Informations et Technologies

►               L'Autorité de la concurrence pourrait infliger jusqu'à 500 millions d'euros d'amende à Numericable pour avoir pris le contrôle de SFR avant d'avoir l'autorisation de le faire, selon le site internet des Echos.

►               Gemalto annonce son soutien à Cathay United Bank, une des principales banques à Taïwan, dans la sécurisation de ces services bancaires en ligne. La Ezio Mobilesuite de Gemalto assure aux clients de CUB un accès en tout sécurité à leurs services bancaires en ligne à partir de leurs ordinateurs, tablettes ou smartphones, en utilisant leurs téléphones portables comme un dispositif d'authentification

►               Portugal Telecom a écopé d'une amende de 1,25 million de dollars aux Etats-Unis pour avoir dissimulé la nature et les risques de ses investissements dans le conglomérat Espirito Santo.

Consommation

►               Richemont a enregistré des ventes en baisse de 13% en monnaies locales et de 14% en EUR sur les cinq premiers mois de son exercice décalé 2016/2017, clos au 31 août, par rapport à la même période l'an dernier. Le groupe s'attend à un bénéfice amputé de 45% pour l'ensemble du premier semestre, précise-t-il un communiqué. Les résultats sont inférieurs aux prévisions du consensus. Ce dernier s'attendait à des recettes en baisse de 10% en monnaies locales et de 12% en euro. Dans l'horlogerie, qui comprend entre autres les marques Vacheron Constantin, Baume & Mercier, Jaeger-LeCoultre, Piaget, Lange & Söhne et IWC, les ventes ont décliné de 19%, soit 18% en monnaies locales (ML). Dans la joaillerie, incluant les marques Cartier et Van Cleef & Arpels, le chiffre d'affaires a chuté de 16%, soit une baisse de 15% hors effets de change.

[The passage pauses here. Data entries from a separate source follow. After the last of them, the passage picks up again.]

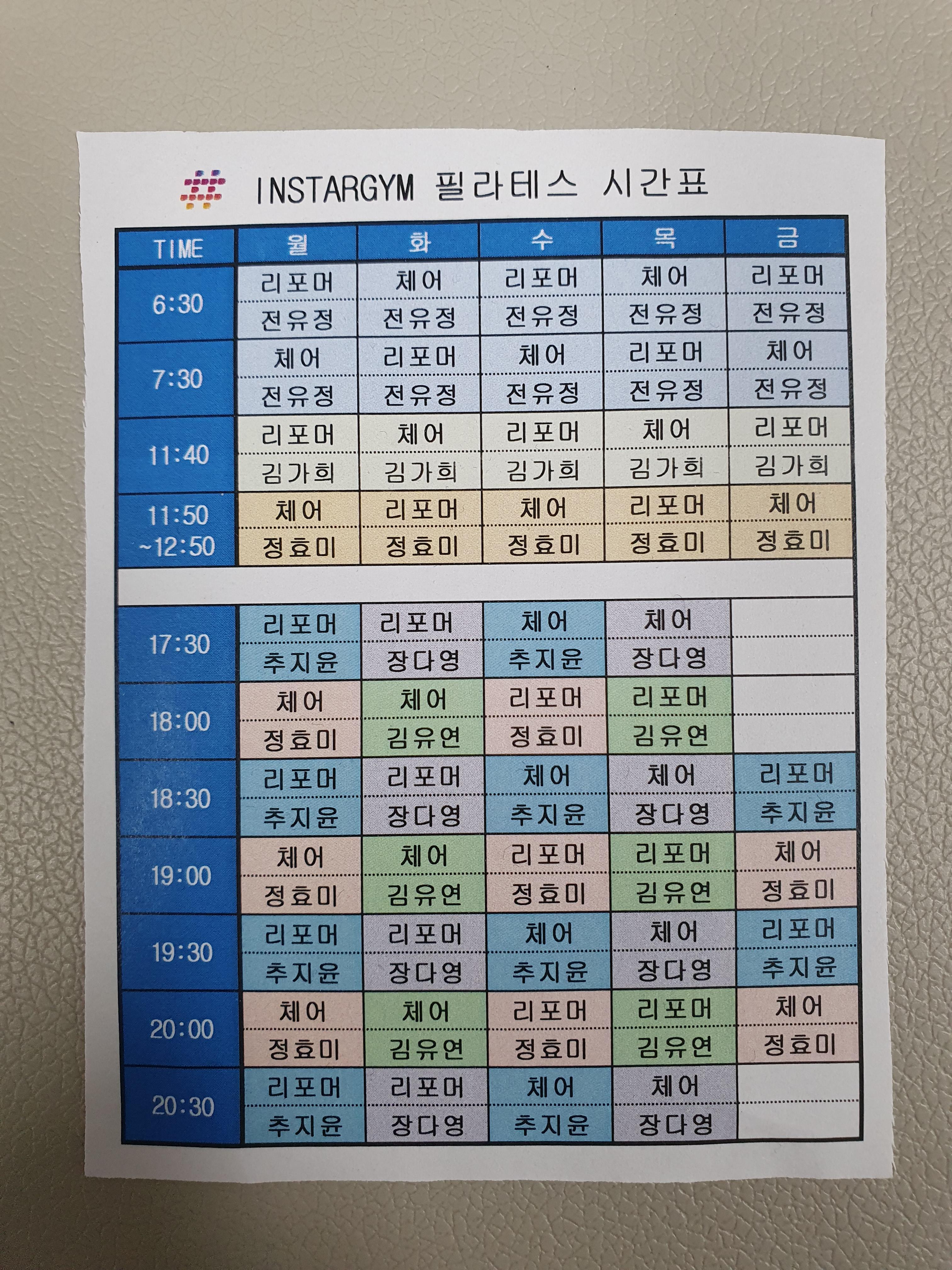 인스타짐 필라테스는 보통의 필라테스와 다르게 시간표에 맞게 선착순으로 방문하여 이름을 적어 해당 인원이 그 시간때의 수업을 듣는 방식인데요. 다른곳은 어플로 예약을 등록한다고 하더라구요.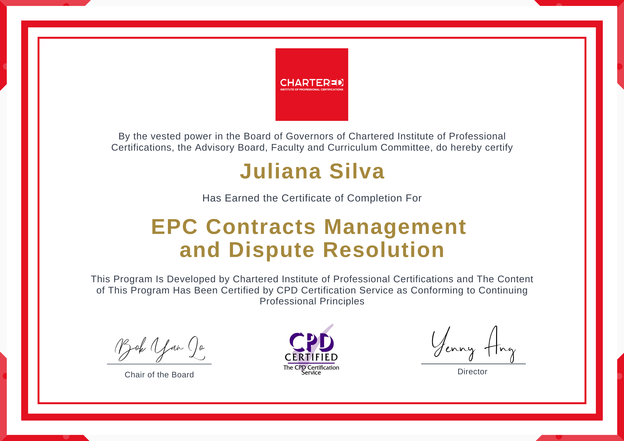 Globally demanded and recognized, this certification will amplify your professional qualifications and demonstrate your expertise in structuring, negotiating, and administering complex EPC contracts while effectively managing claims, disputes, and regulatory compliance across domestic and international construction projects, from contract formation through arbitration, adjudication, and enforcement in both public-private partnerships and cross-border infrastructure ventures. Developed by Chartered Institute of Professional Certifications, the content of this program has been independently accredited by CPD Certification Service as adhering to the highest standards of continuing professional principles.
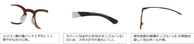 軽量のポリアミド樹脂を用いて、ボストンやウェリントンなどの重厚な王道ヴィンテージシルエットを再解釈。鼻パッド部分を覆うシリコンや、テンプル(つる)のラバーにより、ずれにくく軽やかなかけ心地を実現。現代技術と機能素材を駆使した工夫がほどこされています。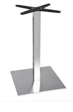 Pie de mesa E20 fabricado en acero inoxidable y con base y tubo cuadrado.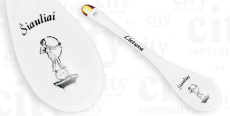 Suvenyras – porcelianinis šaukštelis Šiauliai – Auksinis berniukas. Šaukštelis dekoruotas auksu, supakuotas skaidrioje plastikinėje dėžutėje.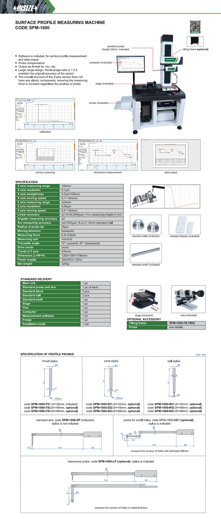 Code X axis measuring range Z axis measuring range Travel of Z axis Roughness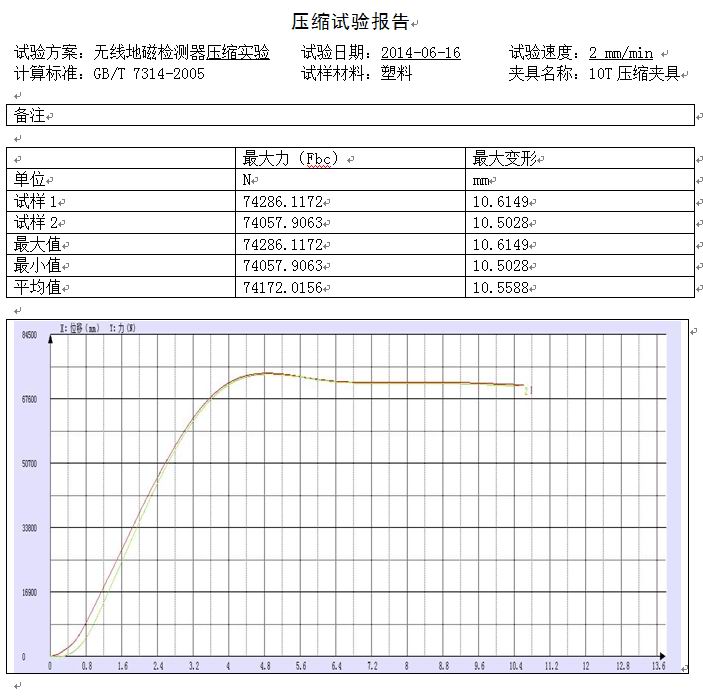 此次該客戶委托我司做的是無線地磁檢測器壓縮試驗,試驗得出的相關(guān)數(shù)據(jù):
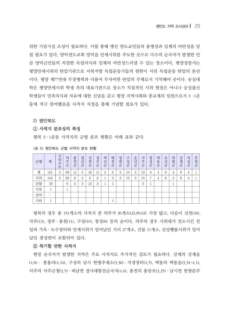 평안도 지역 조사성과❙ 25 위한 기념시설 조성이 필요하다. 이를 통해 맹산 천도교인들의 용맹성과 일제의 야만성을 알 릴 필요가 있다. 양덕천도교회 양덕읍 만세시위를 주도한 곳으로 다수의 순국자가 발생한 만 큼 양덕군민들의 치열한 독립의식과 일제의 야만성드러낼 수 있는 장소이다. 평양경찰서는 평양만세시위의 탄압기관으로 서북지방 독립운동가들의 원한이 서린 독립운동 탄압의 본산 이다. 평양 제77연대 무장병력과 더불어 무자비한 탄압의 주체로서 기억해야 곳이다. 숭실대 학은 평양만세시위 학생 측의 대표기관으로 장소가 직접적인 시위 현장은 아니나 숭실출신 학생들이 민족의식과 자유에 대한 신념을 갖고 평양 지역사회와 종교계의 일원으로서 3·1운 동에 적극 참여했음을 사적지 지정을 통해 기념할 필요가 있다. 2) 평안북도 ① 사적지 분포상의 특징 평북 3·1운동 사적지의 군별 분포 현황은 아래 표와 같다. 군별 계 신 의 주 부 의 주 군 용 천 군 철 산 군 선 천 군 정 주 군 곽 산 군 태 천 군 영 변 군 구 성 군 운 산 군 삭 주 군 창 성 군 벽 동 군 초 산 군 위 원 군 강 계 군 자 성 군 후 창 군 계 151 3 36 11 5 18 11 2 5 2 10 2 13 8 4 6 4 6 4 1 거리 116 3 29 9 2 6 8 1 3 2 10 2 10 7 4 6 3 6 4 1 건물 33 6 2 3 12 3 1 1 3 1 1 가옥 1 1 산야 - 기타 1 1 <표 5> 평안북도 군별 사적지 분포 현황 평북의 경우 총 151개소의 사적지 중 의주가 36개소(23.8%)로 가장 많고, 다음이 선천(18), 삭주(13), 정주·용천(11), 구성(10), 창성(8) 등의 순이다. 의주의 경우 시위대가 전소시킨 친 일파 가옥·도수장터와 만세시위가 일어났던 거리 27개소, 건물 11개소, 산상횃불시위가 일어 났던 광성면이 포함되어 있다. ② 특기할 만한 사적지 현장 순국자가 발생한 지역은 주요 사적지로 추가적인 검토가 필요하다. 강계의 강계읍 (4.8)· 풍용리(4.16), 구성의 남시 헌병주재소(3.30)·지경장터(4.5), 벽동의 벽동읍(3.31~4.1), 삭주의 삭주군청(3.5)·외남면 결사대항전순국지(4.6), 용천의 용암포(3.25)·남시면 헌병분주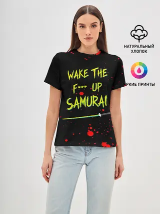 Женская футболка оверсайз / WAKE THE F*** UP SAMURAI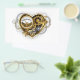 Coeur steampunk mécanique, volumétrique, avec manomètre, acier et or sur arrière - plan blanc. Style Steampunk.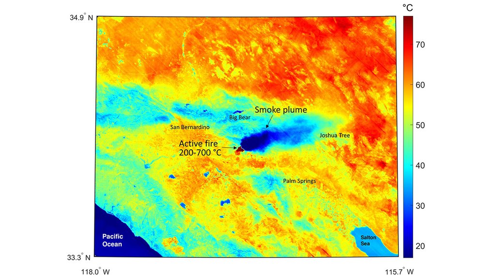 ECOSTRESS recorded the image above at 1:15 p.m. PST (4:15 p.m. EDT) on Saturday, Aug. 1, 2020, when the burn area was approximately 4,000 acres in size. In the image, the black smoke plume can be seen drifting east and over Joshua Tree National Park in the Mojave Desert. With a spatial resolution of about 77 by 77 yards (70 by 70 meters), the image enables researchers to study surface-temperature conditions down to the size of a football field. In the active burn area, temperatures of between 390 and 1290 degrees Fahrenheit (200 and 700 degrees Celsius) were recorded, and in one pixel in the ECOSTRESS image of the burn zone, a peak temperature of 1387 degrees Fahrenheit (753 degrees Celsius) was detected.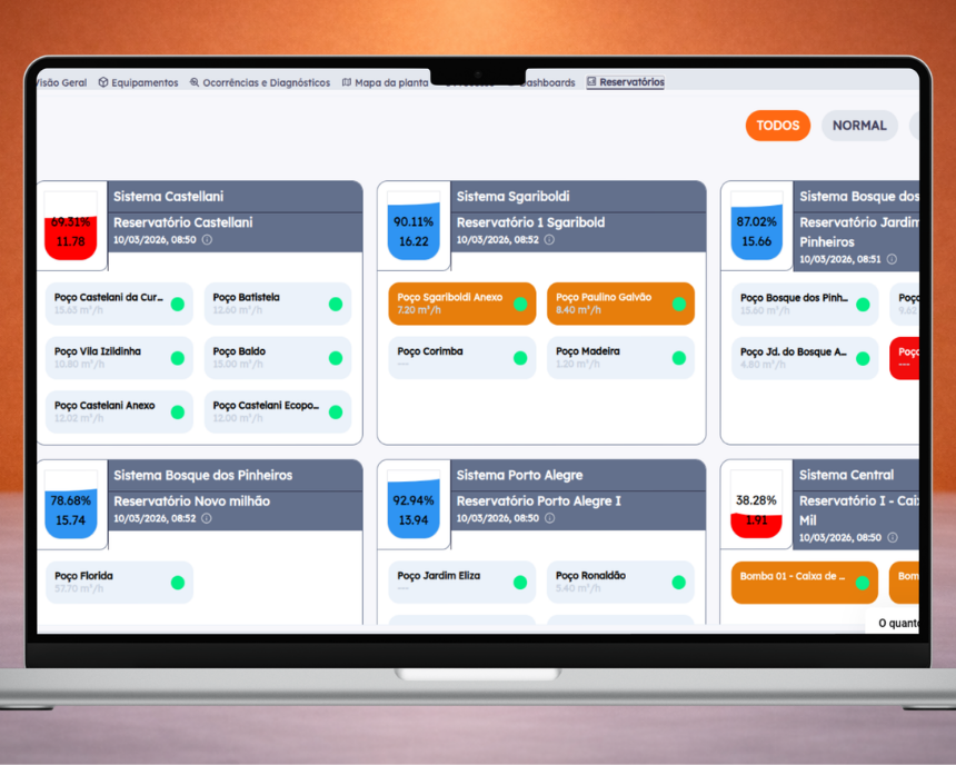 Antes da parceria com a IBBX, a organização enfrentava severas dificuldades para monitorar seus ativos distribuídos, o que resultava em constantes paradas não programadas e altos custos com manutenções corretivas. A ausência de visibilidade em tempo real sobre variáveis críticas, como pressão, nível e vibração, gerava riscos frequentes de desabastecimento populacional, além de uma operação reativa que elevava os gastos com energia e reparos emergenciais.

Toutes les zones géographiques ont enregistré des ventes en forte baisse. Les deux régions où le recul a été le plus marqué sont l'Europe (-18% en ML) et le Japon (-25% en ML). Le Moyen-Orient accuse un repli de 10% et l'Asie-Pacifique de 9% (ML). La chute est moins marquée dans la région Amériques (-6%). Le groupe s'attend à ce que l'environnement de marché ne s'améliore pas à court terme. Le bénéfice opérationnel devrait reculer de 45% au premier semestre, notamment à cause des coûts exceptionnels liés à la restructuration, qui avoisinent 65 mio EUR.

Pharmaceutique

►               Ipsen a annoncé que la Commission européenne avait accordé l'autorisation de mise sur le marché pour Cabometyx comprimés (cabozantinib) pour le traitement du cancer du rein avancé de l'adulte, que le Cabometyx avait amélioré la survie globale dans l'essai randomisé de phase 3, que l'autorisation va permettre la mise sur le marché dans les 28 états membres de l'union, en Norvège et en Islande.